The FMCSA has announced that effective October 1, new guidelines for freight brokers and forwarders will take effect.
Under the new guidelines, entities providing brokerage and freight forwarding services will be required to register for brokerage authority, if they have not already done so. In addition, brokers will now be required to post a $75,000 surety bond or trust fund to ensure payment to carriers receiving the load if the broker fails to pay.
Though the rule is scheduled to take effect October 1, the agency is allowing a 2-month grace period.

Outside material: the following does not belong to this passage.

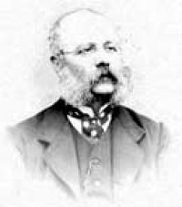 French writer, poet and playwright Armand Barthet (1820-1874)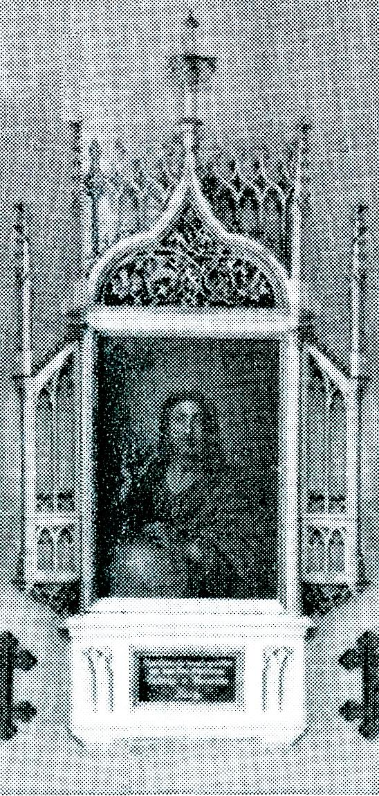 Heilbronn Nikolaikirche innen vor 1899, Gemälde „Christus Salvator“, 1879, Stifter Eheleute Ludwig und Heinrike Jörg.jpg

Those who are not in compliance by November 1, will receive a warning letter from the FMCSA. If a broker or freight forwarder has not secured the $75,000 bond, the FMCSA will remove their operating authority.
If a broker fails to secure the bond but still continues to operate, they could be fined as much as $10,000. Under the new law, a driver can no longer “double broker” or take possession of freight from another driver or a broker. “A trucker also cannot broker freight without a brokerage license, and the brokerage authority must be completely separate from the trucking operation. The trucker showing up at a shipper’s dock must be the same carrier whose name appears on the bill of lading. If not, a shipper must create a new bill with the new trucker’s name and identification number and pay just the new carrier. Truckers can accept cargo only with their own equipment,” the FMCSA states.
According to the FMCSA’s Federal Register, group surety bonds or trust funds will NOT satisfy the FMCSA’s requirements. “At this time, FMCSA is considering the enforcement implications of group sureties as well as the effect on small entities and new entrants. FMCSA is committed to reexamining this issue as part of its enforcement phase-in plan described under section C, FMCSA Implementation and Enforcement Timelines,” the FMCSA stated.
Even if a surety bonding company or trustee previously filed the necessary forms, they still need to file a new one reflecting the new $75,000 minimum. If your broker has both broker and freight forwarding authority, one $75,000 bond is sufficient “as long as the legal entity holding the authorities is the same,” however, “Your company will need to file separate BMC–84/BMC–85 forms for the broker and freight forwarder operations.The underlying bond or trust fund can be the same for both operations.
If your broker and freight forwarder operations are conducted under separate but affiliated companies, each entity must have a separate bond or trust fund.” Bokers and freight forwarders must use a surety bond company that has been approved by the U.S. Treasury Department.
A list of certified surety bond companies can be found here: http://fms.treas.gov/c570/ index.html.
FMCSA will establish an enforcement program to identify and, if necessary, punish violators. In the meantime, it advises that complaints of unregistered brokerage activities of motor carriers be filed through the National Consumer Compliant Database.